BarOne.h //my header file
#include <string>
#include <vector>
using namespace std;
class BarOne
{
private:
string name;
string type;
string size;
vector<BarOne> bar; //vector of BarOne objects
vector<BarOne>::iterator it; //iterator for bar
public:
BarOne(); //constructor
void addBottle(string, string, string); //adds a new bottle to bar
void revealSpace();
void printInventory();
friend ostream& operator<<(ostream& os, const BarOne& b);
};
and my implementation looks like:
BarOne.cpp //implementation
#include "BarOne.h"
#include <iostream>
#include <string>
using namespace std;
BarOne::BarOne()
{
//adding 4 default bottles
}
void BarOne::addBottle(string bottleName, string bottleType, string bottleSize)
{
name = bottleName;
type = bottleType;
size = bottleSize;
}
void BarOne::printInventory()
{
for (it = bar.begin(); it != bar.end(); ++it)
{
cout << *it << endl;
}
}
ostream& operator<<(ostream& os, const BarOne& b)
{
os << b.name << "\t\t\t" << b.type << "\t\t\t" << b.size;
return os;
}
so how come when i call printInventory in my main it doesn't do anything? Did I do the overloading wrong? Syntax mistakes?
ok this is the main too:
#include "BarOne.h"
#include <iostream>
#include <string>
using namespace std;
int main()
{
string Tiqo, Peruvian, Wellington, Smooze;
string vodka;
string rum;
string whiskey;
string small;
string medium;
string large;
//default bottles
vector<BarOne> bar; //vector of BarOne objects
vector<BarOne>::iterator it; //iterator for bar
BarOne Inventory; //BarOne object
Inventory.addBottle(Tiqo, vodka, large);
bar.push_back(Inventory);
Inventory.addBottle(Peruvian, rum, medium);
bar.push_back(Inventory);
Inventory.addBottle(Wellington, vodka, large);
bar.push_back(Inventory);
Inventory.addBottle(Smooze, whiskey, small);
bar.push_back(Inventory);
^^^thats just a piece of it...the rest is just formatting how things are displayed when the program runs and stuff. So ok I'll try and separate the classes like someone suggested tho. AddBottle adds the info for that object in the vector right? it gets the info and then adds it into the variables name, type and size and then its put into the vector "bar". Or no?
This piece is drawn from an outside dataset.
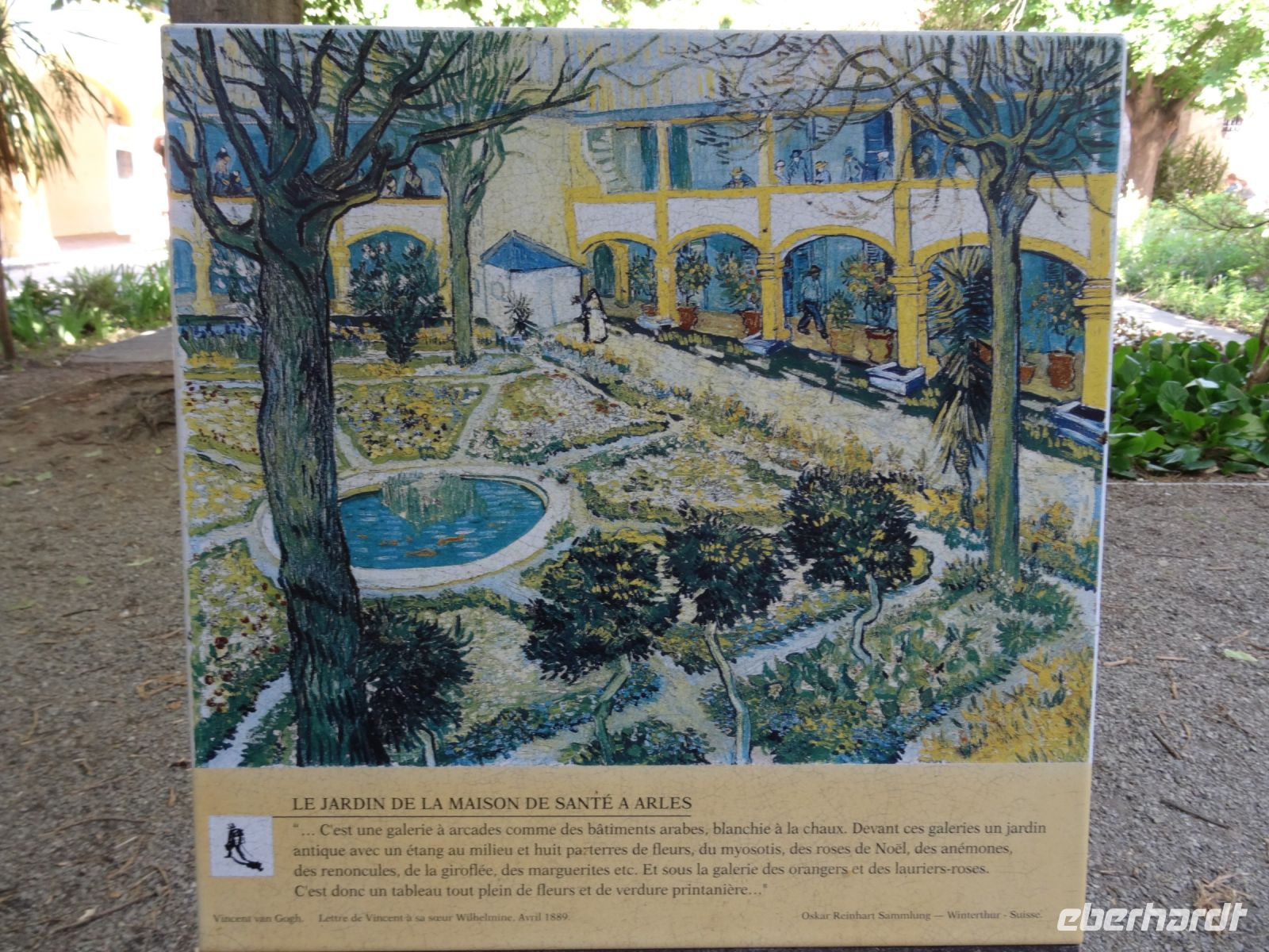 Nichts geht in Arles ohne Vincent van Gogh, welcher hier so eine Art zweite Heimat gefunden hatte. Die Stadt verehrt ihm u.a. damit, dass sie überall, wo der Maler seine Staffelei aufgestellt und gemalt hatte, Markierungen im Fußweg schuf.

You don't show us your main() program. That code, together with your class design which confuses bar contents with the bar is causing the behavior you see.
The operator << is actually OK for outputting data of a bottle. But I'm sure that the BarOne on which it is called has an empty bar vector. Your addBottle() doesn't add anything anywhere (in particular not to the contained bar). Instead it simply sets the properties (data members) of the outer BarOne object.
The origin of that confusion is your class design, where a BarOne apparently is intended to serve both as bottle and as bar (which contains bottles).
I suggest you restart and try with separate Barand Bottleclasses.
BTW: Keeping the iterator you use in local loops as a class member is not a good idea. Sooner or later you will run into reentrancy problems with such approach. Loop iterators should be local variables, preferably scoped to the loop.